*WORK REQUEST*: The answer is the full listing below, copied exactly, with its pictures omitted.

*SOURCE MATERIAL*:
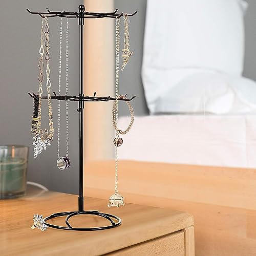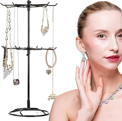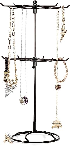 - SAVE SPACE — Rotating display stand With 2 tiers, every tier has 8 hooks can used hanging earrings,bracelet and necklace, etc. Display your jewelry collection neatly and save your space.
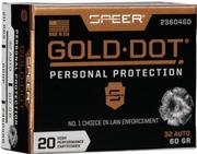 Speer Ammo Gold Dot Personal Protection 32(ACP) 60 GR Hollow Point 20 Bx/ 10 Cs
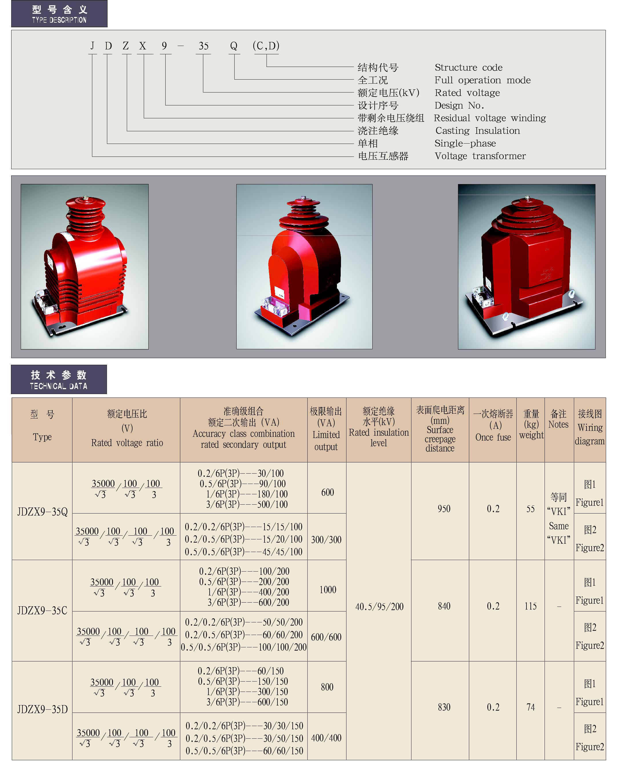 - JDZX9-35Q JDZX9-35C JDZX9-35D型全封閉戶內單相電壓互感器
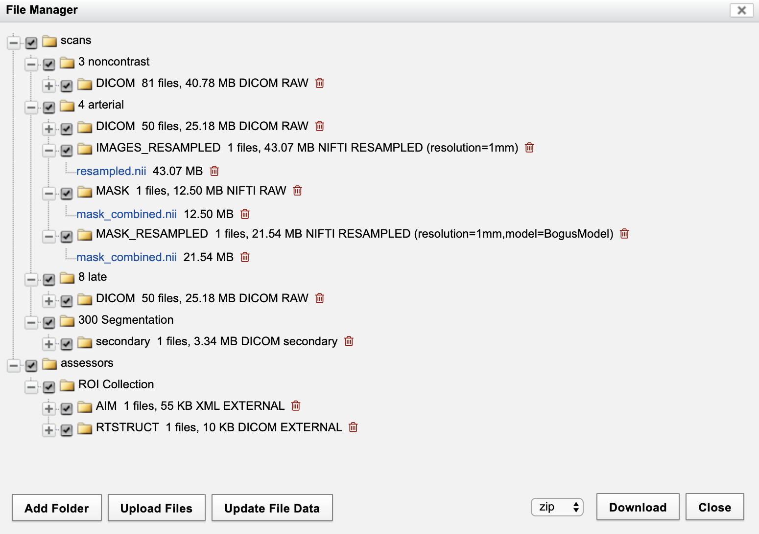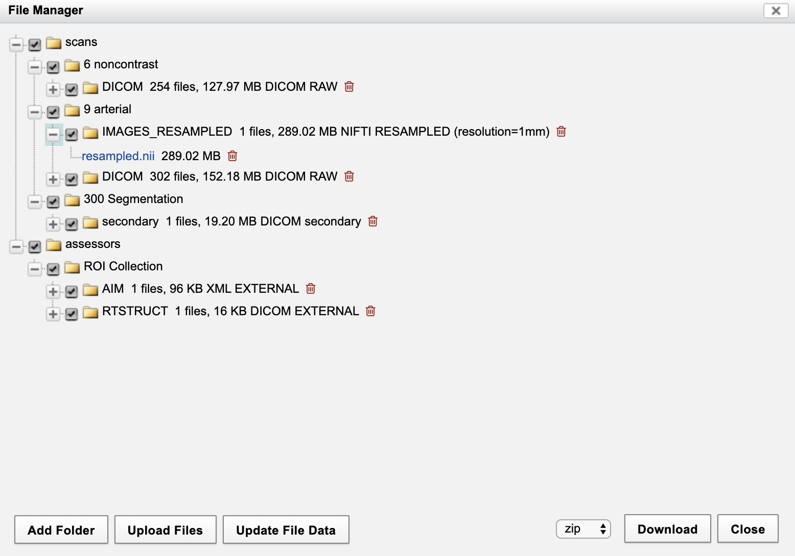 This action results in the original data being resampled and saved in NIFTI format as an XNAT resource on the scan. The generated resource can be seen in the File Manager. On the Session Summary page, click on "File Manager" in the Actions box. This opens the dialog below. Note the file in "IMAGES_RESAMPLED" directory, with the specified name, associated with the arterial-type scan with scan id = 9.
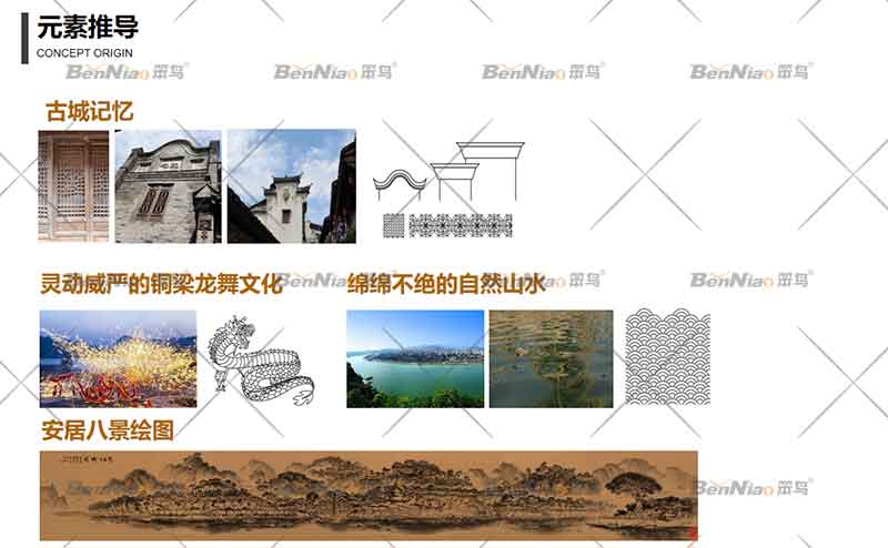 基于自然、歷史、文化、色彩等設計理念,我們對安居古鎮(zhèn)的核心特色進行分析,提取相關視覺元素,形成了自己設計思路。
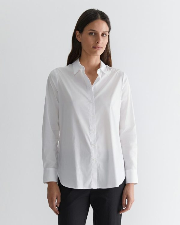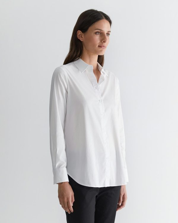 Our Georgina Relaxed Shirt is made from our super soft cotton-nylon in a classic relaxed longline shape. Designed for comfort, it features a narrow collar and a concealed placket for a clean, timeless look.
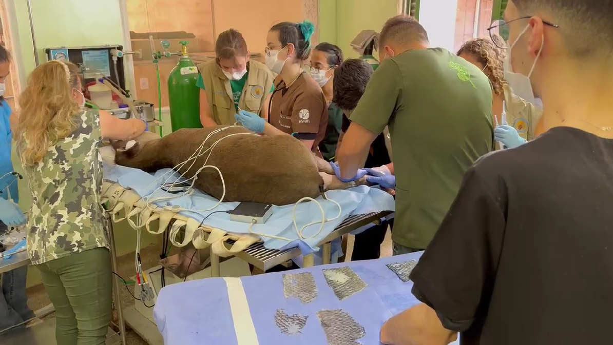 O animal havia caído em um buraco de cerca de três metros de profundidade após se perder do bando para fugir de um incêndio no Núcleo Rural Alexandre Gusmão, em Brazlândia. Depois de ser encaminhado ao Hfaus e passar por exames, teve constatada uma fratura na coluna e precisou ser submetido a cirurgia ortopédica. O bichinho passará por tratamento e reabilitação.

*REPLY*:
 - SAVE SPACE — Rotating display stand With 2 tiers, every tier has 8 hooks can used hanging earrings,bracelet and necklace, etc. Display your jewelry collection neatly and save your space.
 Speer Ammo Gold Dot Personal Protection 32(ACP) 60 GR Hollow Point 20 Bx/ 10 Cs
 - JDZX9-35Q JDZX9-35C JDZX9-35D型全封閉戶內單相電壓互感器
 This action results in the original data being resampled and saved in NIFTI format as an XNAT resource on the scan. The generated resource can be seen in the File Manager. On the Session Summary page, click on "File Manager" in the Actions box. This opens the dialog below. Note the file in "IMAGES_RESAMPLED" directory, with the specified name, associated with the arterial-type scan with scan id = 9.
 基于自然、歷史、文化、色彩等設計理念,我們對安居古鎮(zhèn)的核心特色進行分析,提取相關視覺元素,形成了自己設計思路。
 Our Georgina Relaxed Shirt is made from our super soft cotton-nylon in a classic relaxed longline shape. Designed for comfort, it features a narrow collar and a concealed placket for a clean, timeless look.
 O animal havia caído em um buraco de cerca de três metros de profundidade após se perder do bando para fugir de um incêndio no Núcleo Rural Alexandre Gusmão, em Brazlândia. Depois de ser encaminhado ao Hfaus e passar por exames, teve constatada uma fratura na coluna e precisou ser submetido a cirurgia ortopédica. O bichinho passará por tratamento e reabilitação.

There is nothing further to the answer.